Western Blot analysis: HEK293SL cells (105 cells per well) were seeded in a poly-L-lysine-coated 6-well plate and transiently transfected with 3 µg Flag-AT1R, HA-B2R or HA-β2AR and/or 500 ng Flag-MEK1-WT, Flag-MEK1-DD, Flag-BRAF-WT, Flag-BRAF-V600E, Flag-K-Ras-WT, Flag-K-Ras-G12V, HA-ARF6-WT or HA-ARF6-T27N. Forty-eight hours post transfection, in a 37 °C water bath, cells were serum-starved for 30 min, pretreated with DMSO or Rasarfin (50 µM or at indicated concentrations) for 30 min, then stimulated or not with the indicated ligand [AngII (1 µM), BK (1 µM), Iso (10 µM) or EGF ( 100 ng/ml)] at indicated times. Cells were put on ice, washed with PBS and solubilized in 2x laemmli buffer (250 mM Tris–HCl pH 6.8, 2% SDS (w/v), 10% glycerol (v/v), 0.01% bromophenol blue (w/v) and 5% b-mercaptoethanol (v/v)) by heating at 65 °C for 15 min. Lysates were resolved on 10% or 14% SDS-PAGE, transferred to nitrocellulose membranes and immunoblotted for p-ERK1/2, ERK1/2, p-Akt, Akt, HA or FLAG. ImageLab 5.2 software was used to quantify the digital blots as fold of the phosphorylated protein over total protein, which were then normalized as indicated in the figure legends.

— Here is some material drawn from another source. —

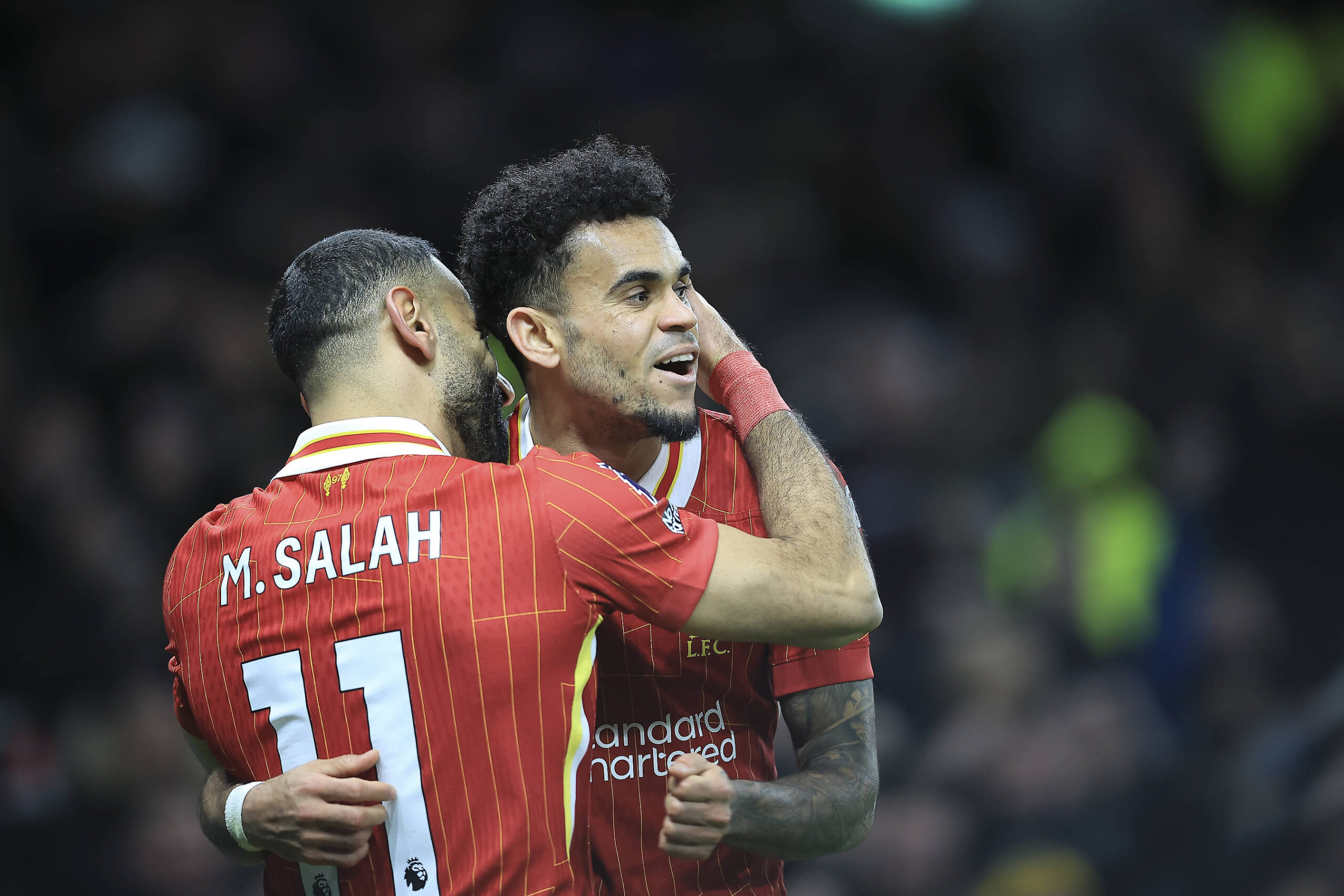 Tottenham Hotspur v Liverpool Premier League 22/12/2024. GOAL CELEBRATION Liverpool Forward Luis Diaz 7 makes it 6-3 during the Premier League match between Tottenham Hotspur and Liverpool at Tottenham Hotspur Stadium, London, United Kingdom on 22 December 2024. Editorial use only DataCo restrictions apply See www.football-dataco.com , Copyright: xChrisxFoxwellx PSI-21118-0180

Purification of recombinant proteins: GST, GST-tagged Golgi Associated, Gamma Adaptin Ear Containing, ARF Binding Protein 3 Binding Domain (GST-GGA3-PBD), Raf1-Ras Binding Domain (GST-Raf1-RBD) and Rhotekin-Rho Binding Domain (GST-Rhotekin-RBD), as well as Ras proteins (pGEX-6P-1-H-Ras, pGEX-6P-1-K-Ras-WT and pGEX-6P-1-K-Ras-Y32A) were expressed in E. coli BL21 cells grown in LB medium and induced with isopropyl β-D-1-thiogalactopyranoside (IPTG) under the respective conditions: 1 mM for 1 hour at 37 °C (GST and GST-Raf1-BD), 0.6 mM for 3–4 hours at 30 °C (GST-Rhotekin-RBD and GST-GGA3-PBD) or 0.12 mM for 16 hours at 15 °C (pGEX-6P-1-H-Ras, pGEX-6P-1-K-Ras-WT and pGEX-6P-1-K-Ras-Y32A). The GST fusion proteins were purified using Glutathione Sepharose 4B as previously described by 81.
Glutathione S-transferase (GST) pull-down assays: Activation of ARF1, ARF6, Ras, and Rho were assessed by using GST pull-down assays. HEK293SL cells were transiently transfected with 3 µg AT1R-flag only (Ras and Rho) or along with 500 ng HA-ARF6 (ARF6) or HA-ARF1 (ARF1). Forty-eight hours later, the HEK293 or MDA-MB-231 cells were serum-starved for 4 hours with DMEM containing 20 mM HEPES then pretreated with DMSO or Rasarfin (50 µM) for 30 min. Cells were then stimulated with 1 µM AngII or 100 ng/ml EGF for 0 and 2 min. Cells were then washed once with ice-cold PBS and lysed for 30 min at 4 °C in 300 µL of lysis buffer (pH 7.5, 50 mM Tris-HCl, 140 mM NaCl, 5 mM MgCl2, 10% glycerol, 1% Nonidet P-40, 1 mM dithiothreitol) supplemented with protease inhibitors (1 mM phenylmethyl-sulfonyl fluoride (PMSF), 10 µg/ml leupeptin, 5 µg/ml aprotinin, 1 µg/ml pepstatin A) and phosphatase inhibitors (20 mM NaF, 0.025 mM sodium pervanadate). The samples were cleared by centrifugation and 30 µL (cell lysates) was kept for assesing total protein contents. The remaining was transferred to fresh tubes with 20 µg of either GST, GST-GGA3-PBD, GST-Raf1-RBD or GST-Rhotekin-RBD coupled to glutathione resin and rotated for 1–2 h at 4 °C. Beads were washed twice with lysis buffer and proteins were eluted in 25 µl 2x laemmli buffer by heating at 65 °C for 15 min. Proteins were resolved on 14% SDS-PAGE, transferred to nitrocellulose membranes and immunoblotted for HA, Ras, RhoA, H-Ras or ARF6. ImageLab 5.2 software was used to quantify the digital blots as fold of the amount of pulled down protein over total protein.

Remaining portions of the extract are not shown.